[Stored data entries]
================================

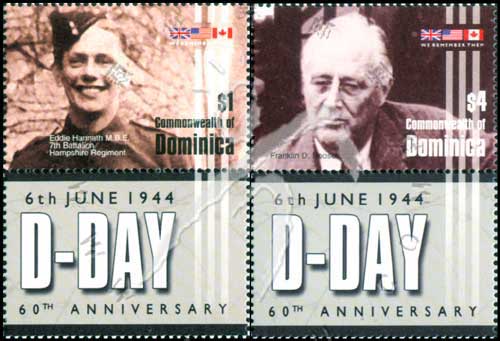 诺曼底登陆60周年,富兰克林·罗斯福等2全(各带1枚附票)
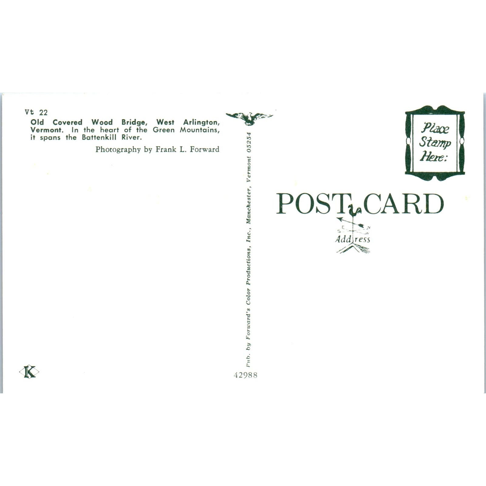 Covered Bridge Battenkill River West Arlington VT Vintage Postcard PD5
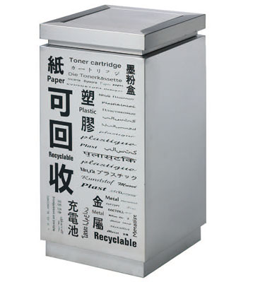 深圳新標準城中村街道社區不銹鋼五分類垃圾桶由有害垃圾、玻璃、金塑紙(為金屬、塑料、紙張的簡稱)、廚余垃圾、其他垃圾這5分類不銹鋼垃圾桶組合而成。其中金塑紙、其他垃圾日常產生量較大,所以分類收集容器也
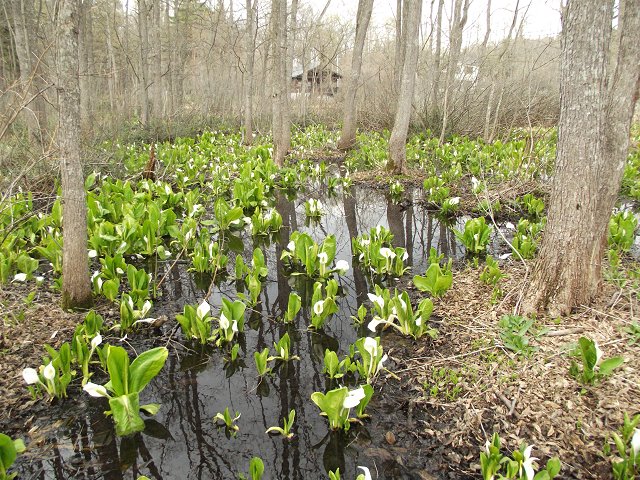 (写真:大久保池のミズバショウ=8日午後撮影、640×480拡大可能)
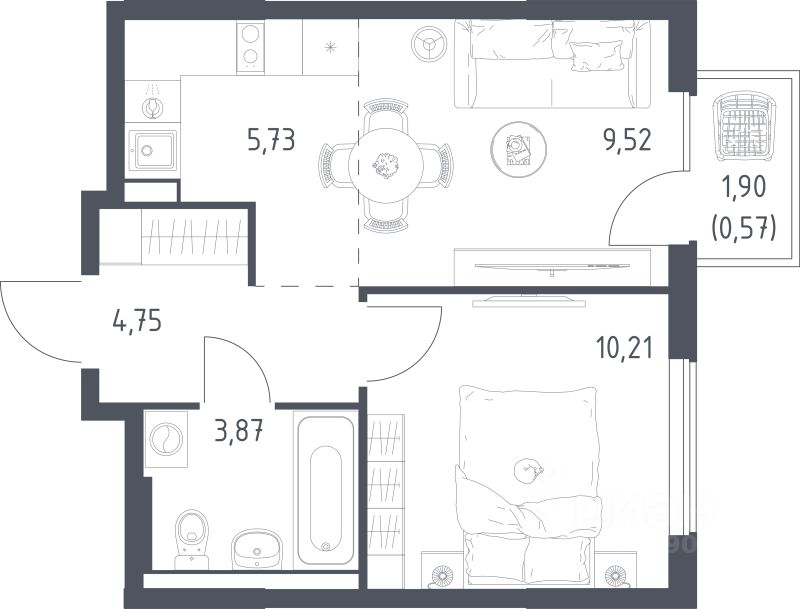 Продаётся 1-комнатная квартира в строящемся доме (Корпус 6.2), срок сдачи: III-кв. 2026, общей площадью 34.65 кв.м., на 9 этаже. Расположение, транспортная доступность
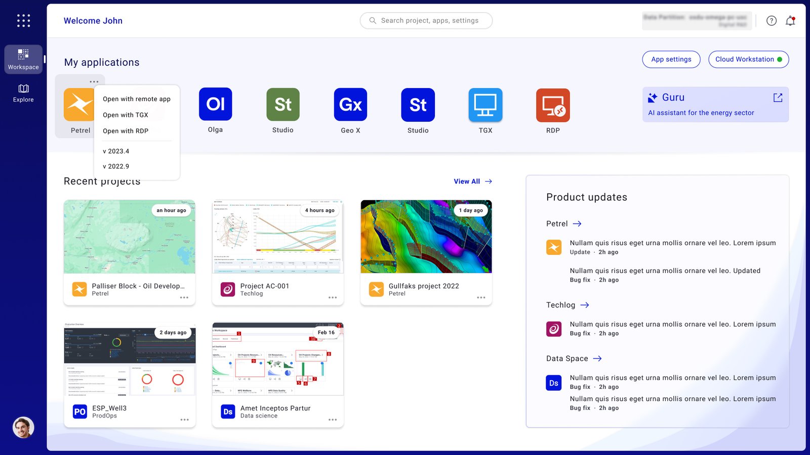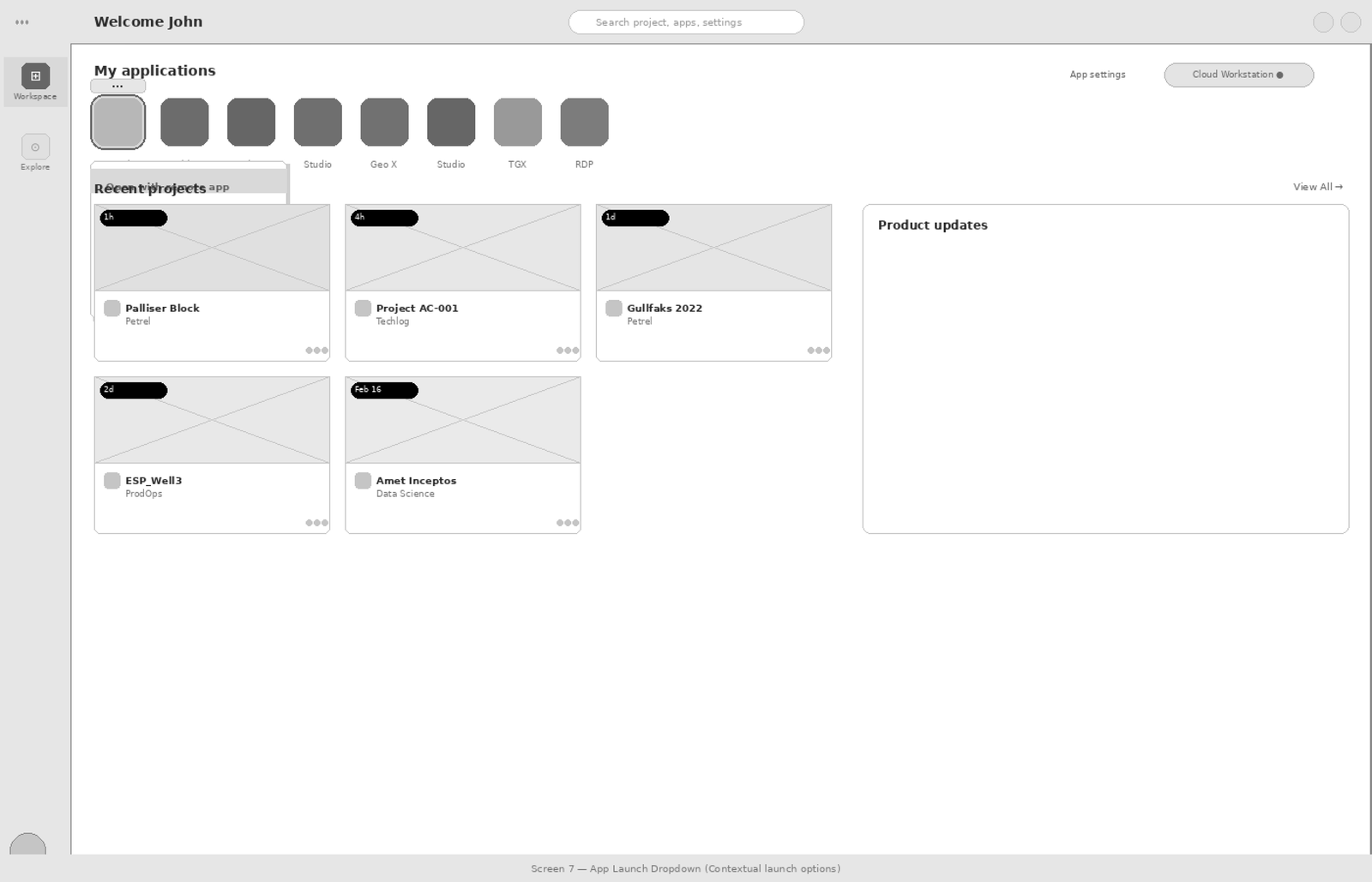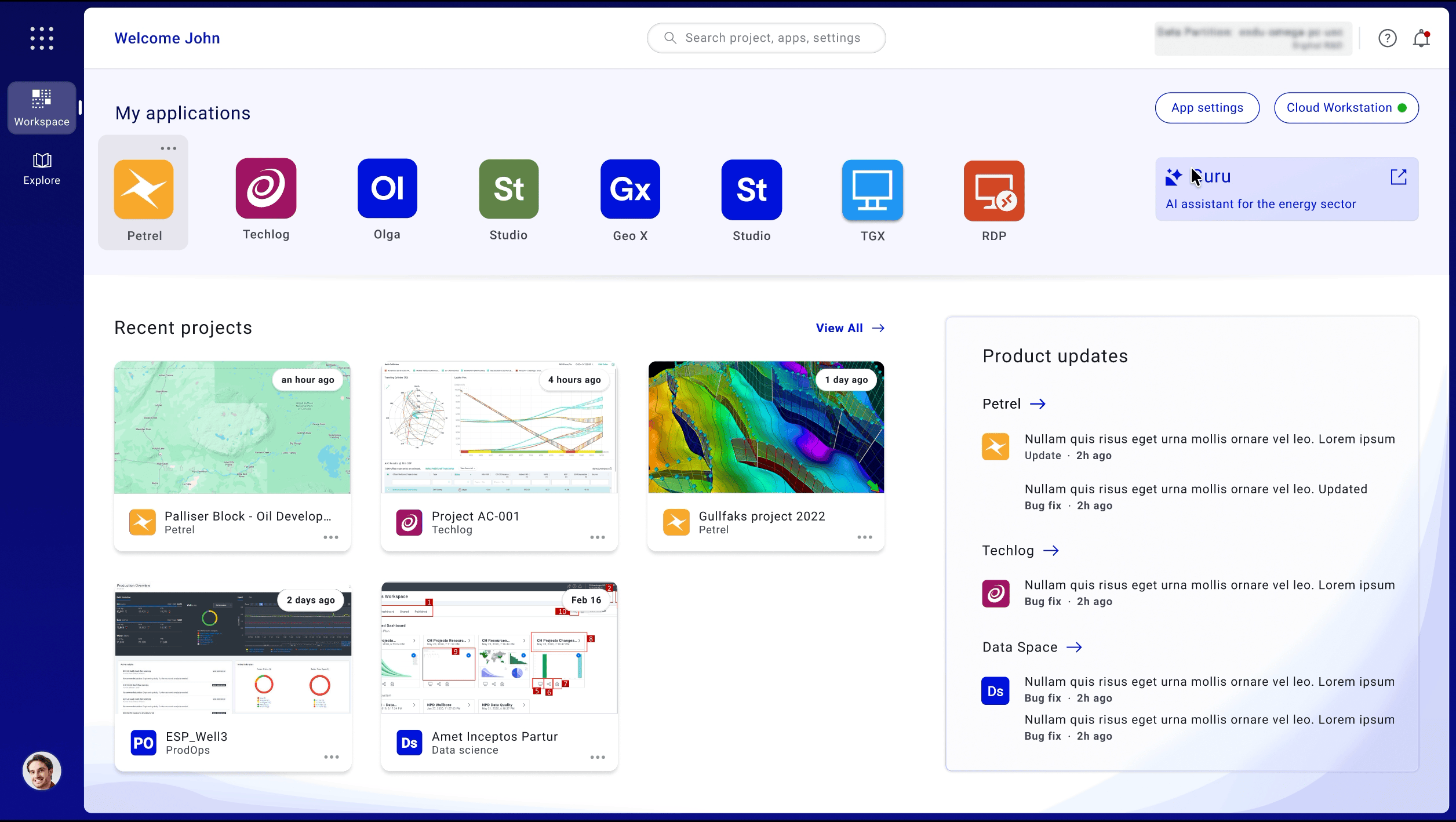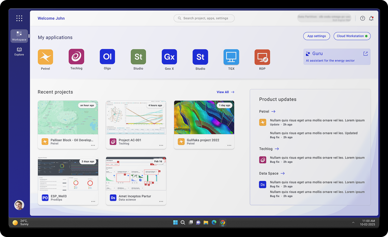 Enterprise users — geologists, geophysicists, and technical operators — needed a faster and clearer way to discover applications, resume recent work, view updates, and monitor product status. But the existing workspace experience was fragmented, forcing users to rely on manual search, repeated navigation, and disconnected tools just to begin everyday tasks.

================================

= PROMPT =
Reproduce each entry verbatim, excluding any embedded images.

= TASK RESULT =
 诺曼底登陆60周年,富兰克林·罗斯福等2全(各带1枚附票)
 Covered Bridge Battenkill River West Arlington VT Vintage Postcard PD5
 深圳新標準城中村街道社區不銹鋼五分類垃圾桶由有害垃圾、玻璃、金塑紙(為金屬、塑料、紙張的簡稱)、廚余垃圾、其他垃圾這5分類不銹鋼垃圾桶組合而成。其中金塑紙、其他垃圾日常產生量較大,所以分類收集容器也
 (写真:大久保池のミズバショウ=8日午後撮影、640×480拡大可能)
 Продаётся 1-комнатная квартира в строящемся доме (Корпус 6.2), срок сдачи: III-кв. 2026, общей площадью 34.65 кв.м., на 9 этаже. Расположение, транспортная доступность
 Enterprise users — geologists, geophysicists, and technical operators — needed a faster and clearer way to discover applications, resume recent work, view updates, and monitor product status. But the existing workspace experience was fragmented, forcing users to rely on manual search, repeated navigation, and disconnected tools just to begin everyday tasks.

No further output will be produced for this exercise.